Monte Carlo Simulation of Narrow-Width SOI Devices: Incorporation of the Short Range Coulomb Interaction

Abstract

The ultimate limits in scaling of conventional MOSFET devices have led the researchers from all over the world to look for novel device concepts, such as dual-date SOI devices, FinFETs, focused ion beam MOSFETs, etc. These novel devices suppress some of the short channel effects exhibited by conventional MOSFET devices. However, a lot of the old issues still remain and new issues begin to appear. For example, in both dual-gate MOSFETs and in Fin-FET devices, quantum mechanical size quantization effects significantly affect the overall device behavior.
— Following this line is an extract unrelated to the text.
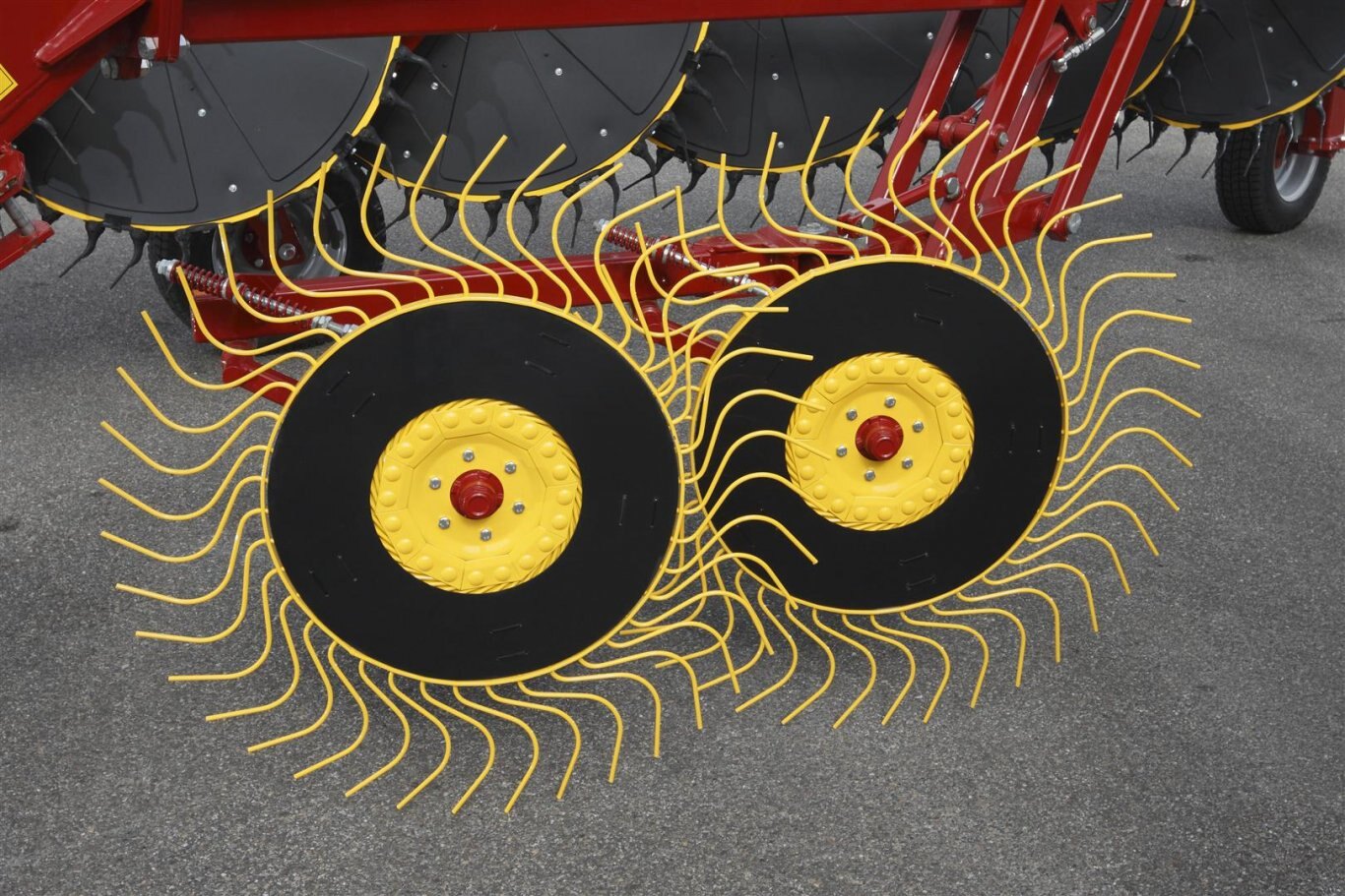 Raking wheels float independently from one another. Therefore each one moves following the ground contours for cleaner raking compared to raking wheels mounted in tandem. Each wheel is suspended on a spring and can be adjusted individually for optimum ground contact pressure (left). Once adjusted, a single pin adjusts the working height of all the raking wheels on that side of the rake (right).

In addition, unintentional doping leads to considerable fluctuation in the device parameters, and the electron-electron interactions affect the thermalization of the carriers at the drain end of the device. In this work we investigate the role of a single impurity on the operation of narrow-width SOI devices. Our investigations suggest that impurities near the middle portion of the source end of the channel have most significant impact on the device drive current. Regarding the electron-electron interactions, we find that they affect the carrier velocity near the drain end of the channel. Note that in our 3D Monte Carlo particle-based device simulator, we have implemented two schemes that properly account for the short-range electron-ion and electron-electron interactions: the corrected Coulomb approach and the P 3 M method.